Due to its geographic position, the landscape of Emilia Romagna is quite varied: plain, hills, coastline, and mountains. Bologna, the capital city of the region, is in between Milan and Florence, as well as almost halfway from Venice to Florence.
Why you should visit the beautiful towns of Emilia Romagna
Actually, over the years, I found out that everywhere in Europe and most parts of the world, it’s in small cities and tiny hamlets that I had the most memorable experiences. In Shimshal, a small village in an isolated valley of northern Pakistan, I had the privilege to be hosted in local houses, learning about their traditions. Also, I fell in love with Corte and other charming hamlets during my road trip across Corsica. And I could mention many more.
The beautiful towns in Emilia Romagna are no exception. Here are some of my favorites, where you’ll have a wonderful time.
I first visited Brisighella a few years ago as a day trip from Bologna.
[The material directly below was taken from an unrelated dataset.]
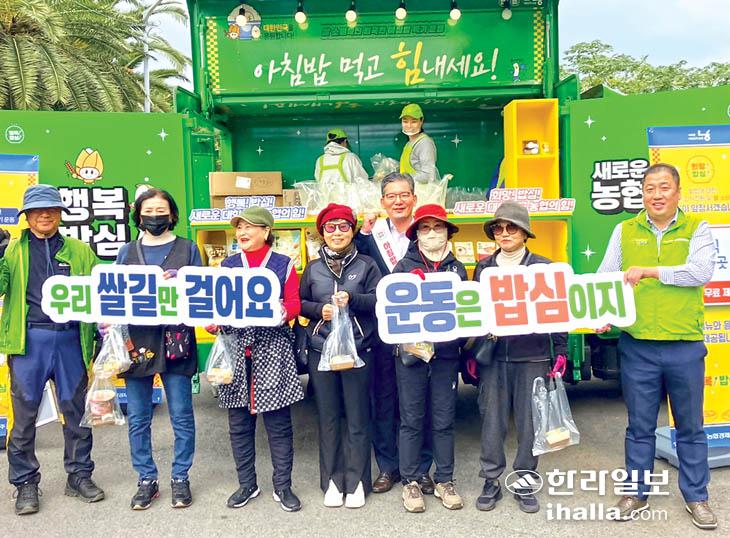 이날 제주농협은 사라봉공원을 찾은 시민 등 300여 명을 대상으로 주먹밥, 덮밥 등 국산 쌀을 활용한 간편식과 식혜를 나눠주고 SNS 인증 이벤트를 진행하는 등 아침밥 먹기 운동 확산 캠페인을 펼치고 시민들의 적극적인 참여를 독려했다.

I instantly fell in love with this charming medieval town, its colorful houses, the castle perched atop a steep hill overlooking smooth, verdant hills.
So, I went back and spent a couple of days in Brisighella, allowing myself more time to explore the town and its surroundings and go for a hike nearby. Anyway, if you only have one day in Brisighella there are a few things you should do:
- Hike up to the fortified Castle (La Rocca) and the Clock Tower, to admire the architecture and, most of all, to get fantastic views of the surrounding hills
- Stroll in the center, enjoy the colorful houses and have a drink or lunch al fresco
- Walk the “Donkeys’ Alley”, a fascinating walkway dating back to the 14th Century. You don’t often get the chance to go through a path covered by houses, once inhabited by carters carrying gypsum on their donkeys. Hence the name of the alley.
- Taste the local food specialties, like spoja lorda, a local hand-made filled pasta, Moretto artichoke, a variety which only grows in the shrubs surrounding Brisighella, and Brisighello extra-virgin olive oil, produced from a local variety of olives.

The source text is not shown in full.